Галина помрачнела и перевела разговор на свою коронную тему: посмотрите на вон те уже голые горы, а скоро все еще больше оголится. Какая тоска жить в Швейцарии среди голых гор, особенно поздней осенью. У нас на Ставрополье тоже листва опадает, но это в отрытой степи происходит красиво, не вызывающе. На ровной степи — никакого каменного мрака. А тут, в Швейцарии, в это время года — сплошной мрак!
«Боже мой, — подумала я, — солнце во всю обозримость, так как же себя чувствует Галина, когда дожди или холодные туманы?»

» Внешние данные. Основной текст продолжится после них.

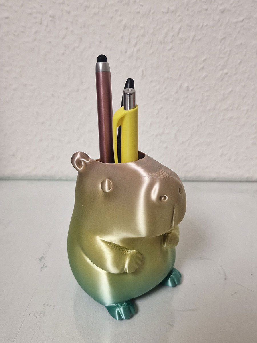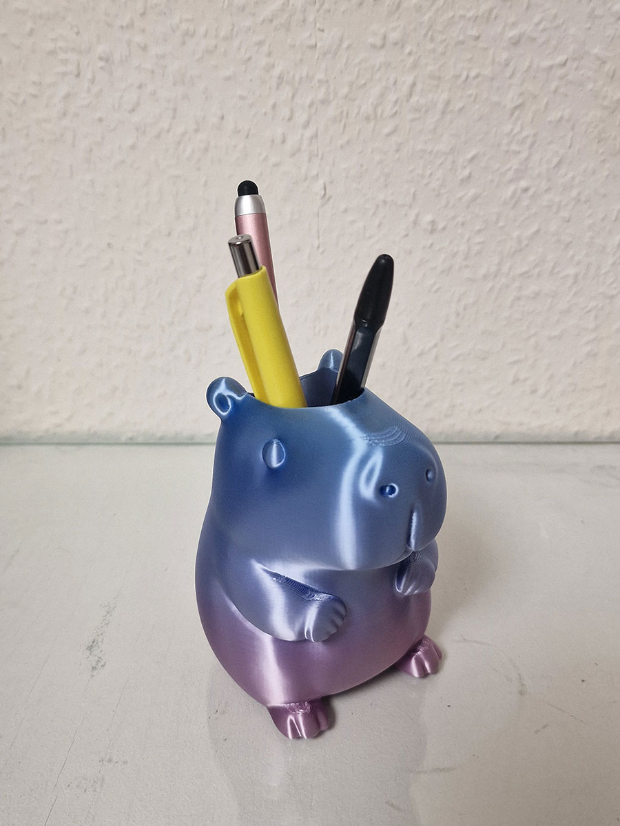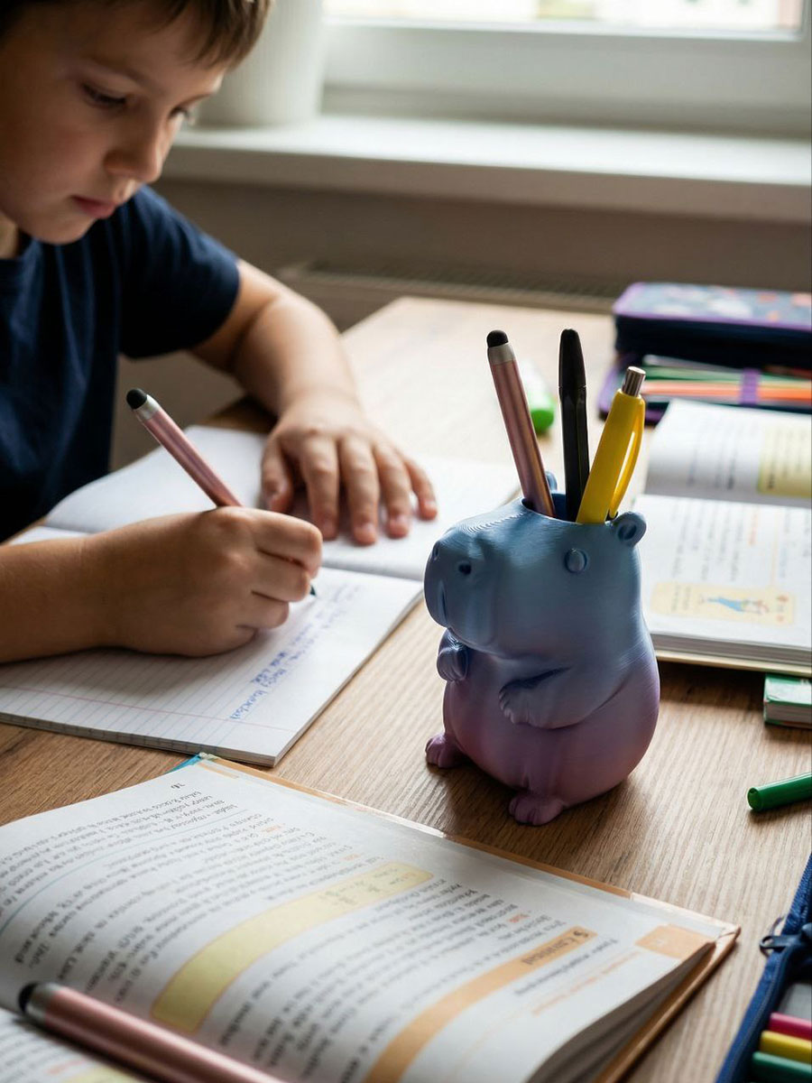 Подставка для ручек (карандашница) «Капибара» — стильный и практичный аксессуар для дома и офиса. Модель выполнена методом 3D‑печати из экологичного многоцветного PLA Silk — материал с шелковистым блеском, приятной текстурой и высокой прочностью для повседневного использования.

«Уже успокойся!» — говорю я Галине и объясняю Алле Демидовой это, ставшее домашним, выражение, таким образом показывая, насколько мы с Галиной сроднились. Жан-Марк слушает мой рассказ и успокоенно улыбается, — ему, швейцарцу, вряд ли при посторонних приятно слышать, как его русская жена хает Швейцарию. А может, привык. Но Галя снова что-то говорит о несовершенствах Швейцарии и преимуществах Ставрополья, и я, отключив слух, смотрю в автомобильное стекло на солнечноснежные вершины и уже появляющиеся островерхие немецкие дома, более строгие и менее увитые цветами, чем французские, во всяком случае — в этой части Швейцарии, по которой сейчас не катим, а едем.
Я любуюсь пейзажем, едущим навстречу со скоростью 140 км в час, и думаю: как неуловимо быстро движется ассоциативная нить, — от пятидесяти двух аксеновских роз к эмиграции Аксенова, от отъезда Васи до похорон его друга Высоцкого, от моря похоронных роз — к дюжему венку моряков, попавших не к тому покойнику, от дюжего венка вновь — к моим пятидесяти двум розам, от них к миллиону роз Вознесенского в пансионате «Отдых», от «Отдыха» к бюгелю — иностранцу и так далее…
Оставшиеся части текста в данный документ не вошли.